You are right, no need for measuring CPU and GPU separately for SoC.
best way to see thermal temps and arm_freq via terminal command:
while true; do vcgencmd measure_clock arm; vcgencmd measure_temp; sleep 1; done
To check it under 100% CPU load:
sudo apt-get install sysbench
while true; do vcgencmd measure_clock arm; vcgencmd measure_temp; sleep 1; done& sysbench –num-threads=8 –test=cpu –cpu-max-prime=10000000000 run
For optimizing, benching, and overclocking, see:
https://www.raspberrypi.org/forums/viewtopic.php?f=29&t=138840
to see all cores and load % (hit ‘1’), enter in terminal:
top
In one line:
echo -e "CPU => $(echo "scale=1; $(cat /sys/class/thermal/thermal_zone0/temp)/1000" | bc)'C\nGPU => $(/opt/vc/bin/vcgencmd measure_temp | sed "s/^.....//g")"
Thank you, great post!
Just a simple addition to your ‘my-pi-temp.sh’ script:
echo "GPU => $(/opt/vc/bin/vcgencmd measure_temp | cut -d = -f2)"
Makes the output a little cleaner ;-)
Below is the script I use for displaying RPi temperature and frequencies. It’s a hack, but usable.

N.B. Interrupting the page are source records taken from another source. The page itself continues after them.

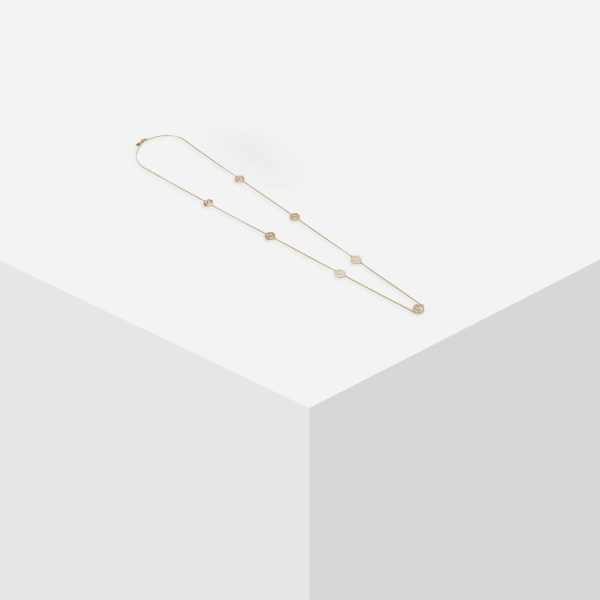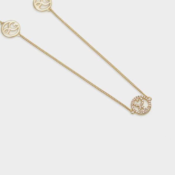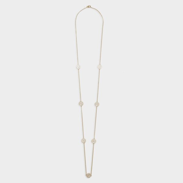 Gold plated necklace featuring a long chain and crystal-embellished PG medallions.
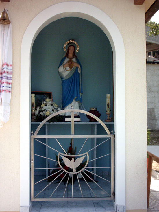 Kip Marije, koji krasi kapelicu, kupljen je u Zagrebu i ukrašen "krunom" koja noću svijetli.
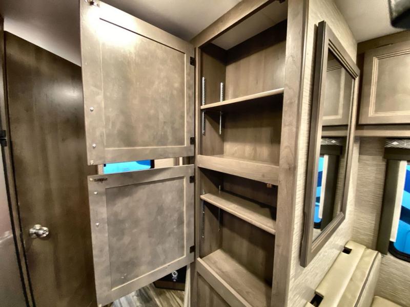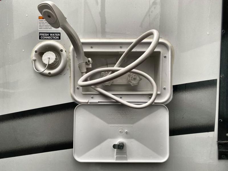Easily head out for fun at a state park, the lake or your friend's ranch. This coach is easy to maneuver on the road or in town thanks to its compact size, yet has so many conveniences, you might not return home. The front cab over bunk is a perfect sleeping space for guests, the 40" TV allows you to watch shows when you want some inside time, and the dream dinette gives you a place to dine and relax. The cook will love all the kitchen amenities at their fingertips, plus the flip-up countertop extension is super handy. The rear corner bedroom offers a queen bed slide for more floor space, a privacy curtain and a closet, plus the full bathroom is a few steps away. You can also choose to add the optional exterior 32" TV for outdoor fun!
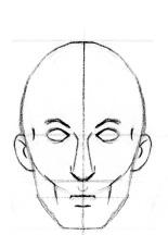 Líneas guía faciales de personas Para localizar las líneas guía faciales, divida la cara por la mitad, horizontal y verticalmente. Vuelva a dividir la parte inferior por la mitad para indicar dónde quedará la base de la nariz. Divida de nuevo para ver dónde estará el labio inferior. La línea de crecimiento del cabello está en un tercio de la distancia que hay de la parte superior de la cabeza hasta los ojos; la línea de las cejas se encuentra justo encima de las orejas. Los ojos están centrados entre la línea central vertical y los lados de la cabeza; además, están separados por el ancho de un ojo.
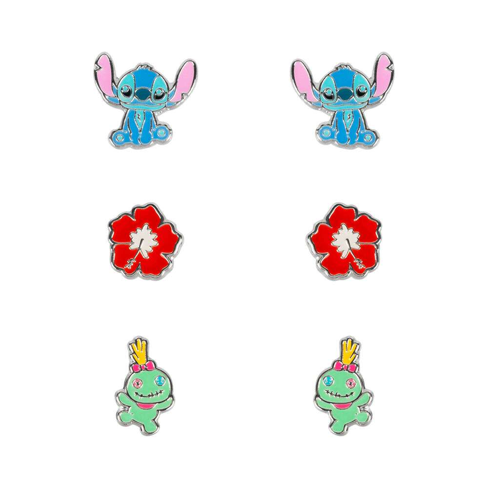 Placcato argento. Con un paio di orecchini a fiore rosso, Stitch stesso e l’orso Scrump di Stitch.

23209870600575c2a4ed8_000002
Larry, very useful script! I hope you don’t mind a few changes that I made.
23209870600575c2a4ed8_000003
Somehow, I lost some spacing in the script even though my copy has them. Aargh!
You need to wrap script between <pre> and </pre> . I edited out to add <pre> and </pre> in your comment. Cheers.
Vivek – thanks (belated!).
Thanks mate, this is really helpful !
enola
worked nicely.
My question is: is there such a nice code to do it in python, too?
def get_temp():
with open('/sys/class/thermal/thermal_zone0/temp', 'r') as infile:
return float(infile.read()) * 1e-3
To WATCH cpu temp:
watch -n 1 vcgencmd measure_temp
To WATCH clock speed in hertz:
watch -n 1 vcgencmd measure_clock arm
Three and a half year later…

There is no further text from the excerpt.